If you’ve downloaded and installed the latest Ubuntu 17.04, one of the new features you probably didn’t notice is that the system was installed without a dedicated swap partition.
That’s because a new installation of Ubuntu 17.04 uses a swap file, instead of a swap partition. Yup, just like Windows, swap file has come to Ubuntu.
For the uninitiated, swap is an area of disk space that the OS may use as virtual memory, or RAM. An OS will use it as if it’s RAM when it begins to run out of real memory. Swap-fueled operations tend to be slower, but it’s either that or the computer/server may freeze, if it’s completely out of memory.
On my test installation of Ubuntu 17.04 desktop, I found a 2 GB swap file under the root directory. Check yours. I’m sure you’ll find it too. Can you find the swap file in this listing?
And if you launch the Disk tool, you’ll find that the system was installed using just one partition, that is, the root partition.
But that doesn’t mean that a dedicated swap partition is gone for good, because the installer’s partition editor still has the option to create one during installation.
The advantage of a swap file over a swap partition is that the former is easier to resize. An LVM-based swap can be resized even easier and faster than a swap file, but when LVM is not in play, a swap file is easier to administrate. More information about Ubuntu 17.04 is available here.
I know it’s about abstraction levels, but I completely don’t understand why they’re pushing these changes to masses. What’s the point in it ? I will always stick to physical partition as it’s one layer less than file sitting on OS.

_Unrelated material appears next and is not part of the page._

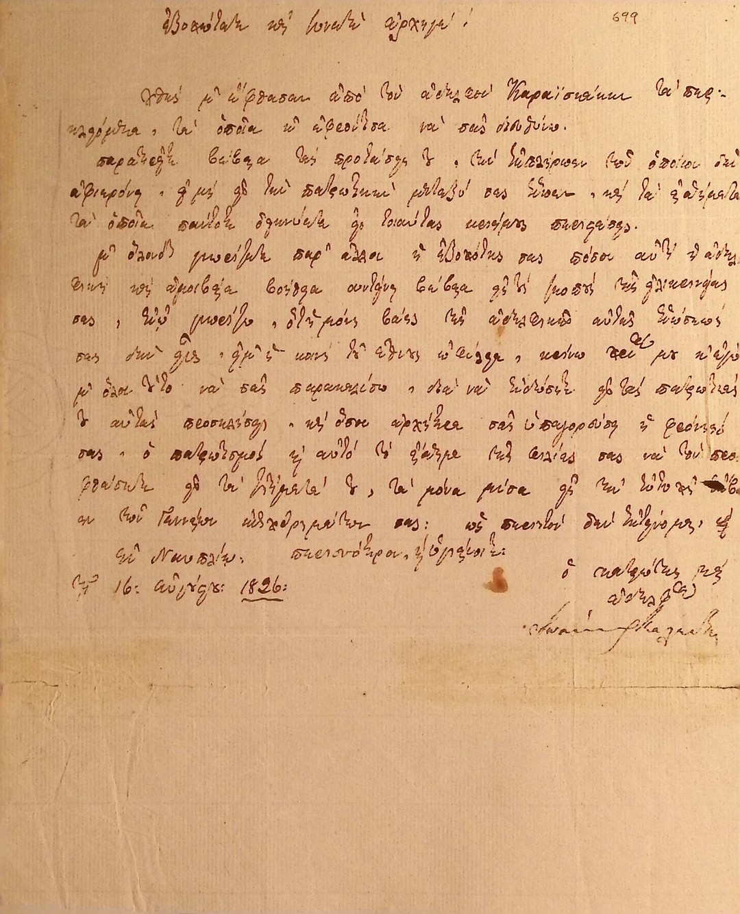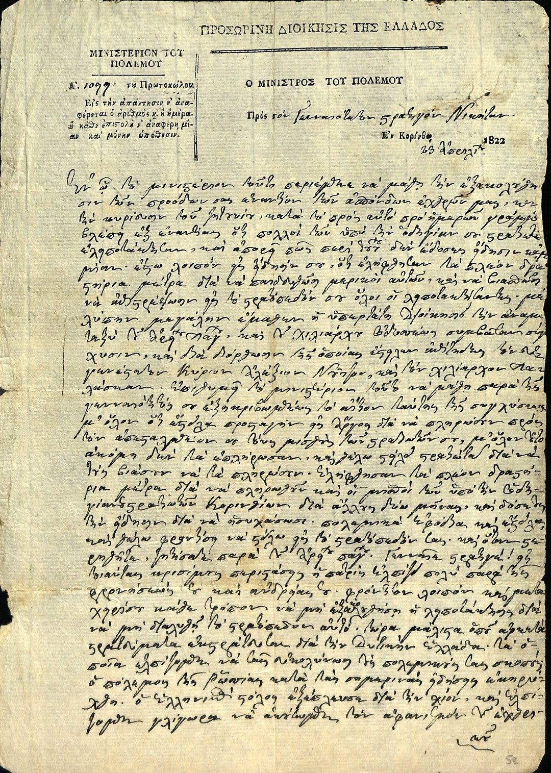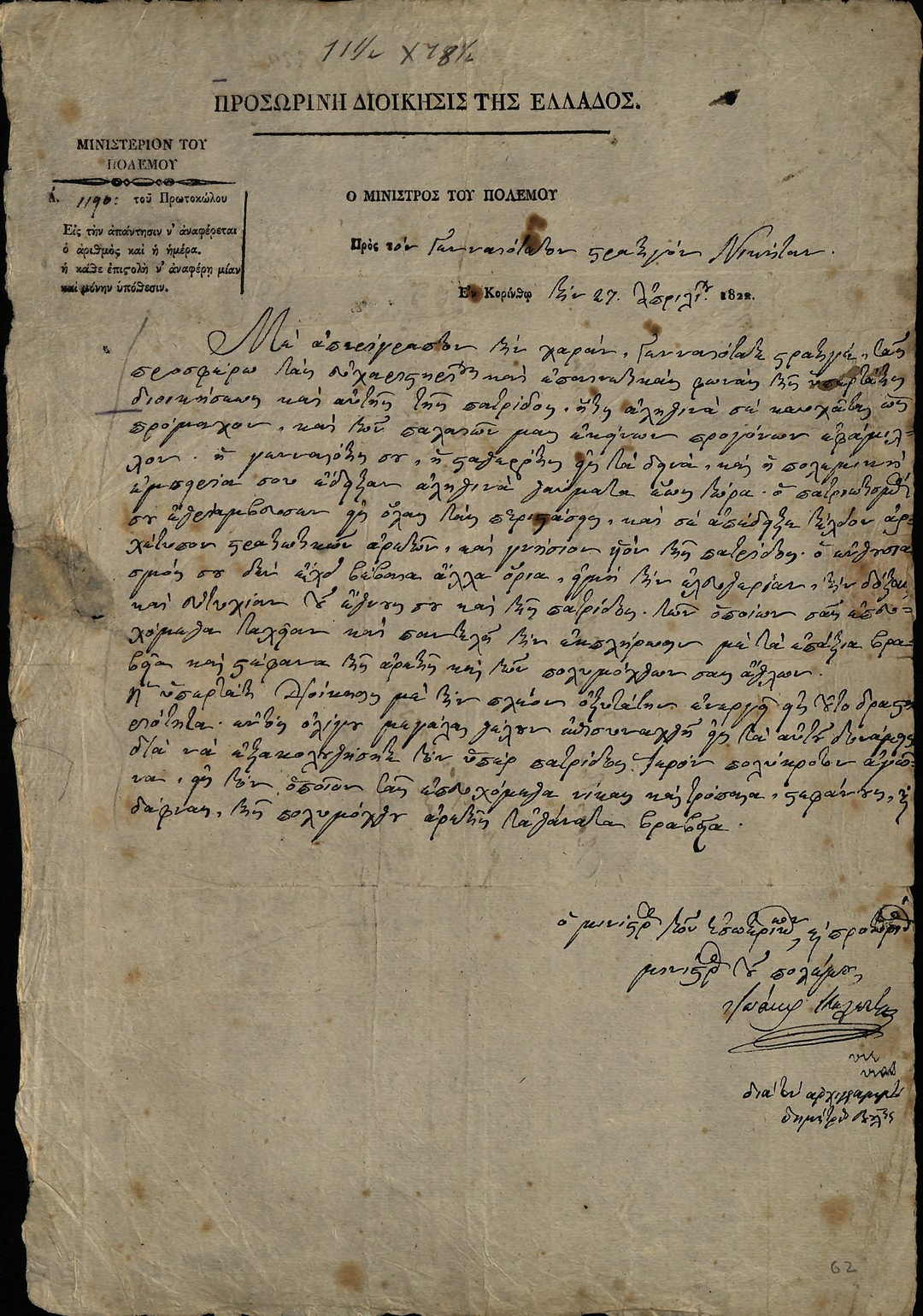| Τίτλος | Επιστολή Π.Δ.Ε, του Υπουργού Πολέμου Ιωάννη Κωλέττη προς τον Νικήτα Σταματελόπουλου (Νικηταρά) συνοδευτική των νέων στρατευμάτων |

I don’t like this…..why is Ubuntu trying to become more and more like Windows?….I’ll stick to my swap PARTITION thank you very much!….I don’t doubt that the swap file might be faster, but I just like things the way they’ve always been, and I can find things where I know they’ll be!!
finid
Well that’s hardware dependent too wise guy..
Well, everything running on an OS is hardware-dependent. The difference is the level of abstraction. Make sense?
You can easily disable it, create a new swap file where ever you want it.
Use the mkswap, swapon and swapoff tools. ‘dd’ or Gparted* for the “moving” part. Then remove the old one. If you got lots if RAM (16GB or more) you won’t need it anyway. You can even set it’s priority in ‘/etc/sysctl.conf’ to ‘vm.swappiness=1’ if you are not bothered by the space it take up in your root partition.
*I think Gparted can create Swapfiles too, not sure..
fallocate for the moving part is actually faster and simpler than dd or Gparted.
vm.swappiness=1 just means that it waits till the last moment to swap potentially flooding your IO when your system is already in distress. Rather then doing that I personally prefer using zram to avoid OoM especially in VM environments and on SSD systems to reduce wear.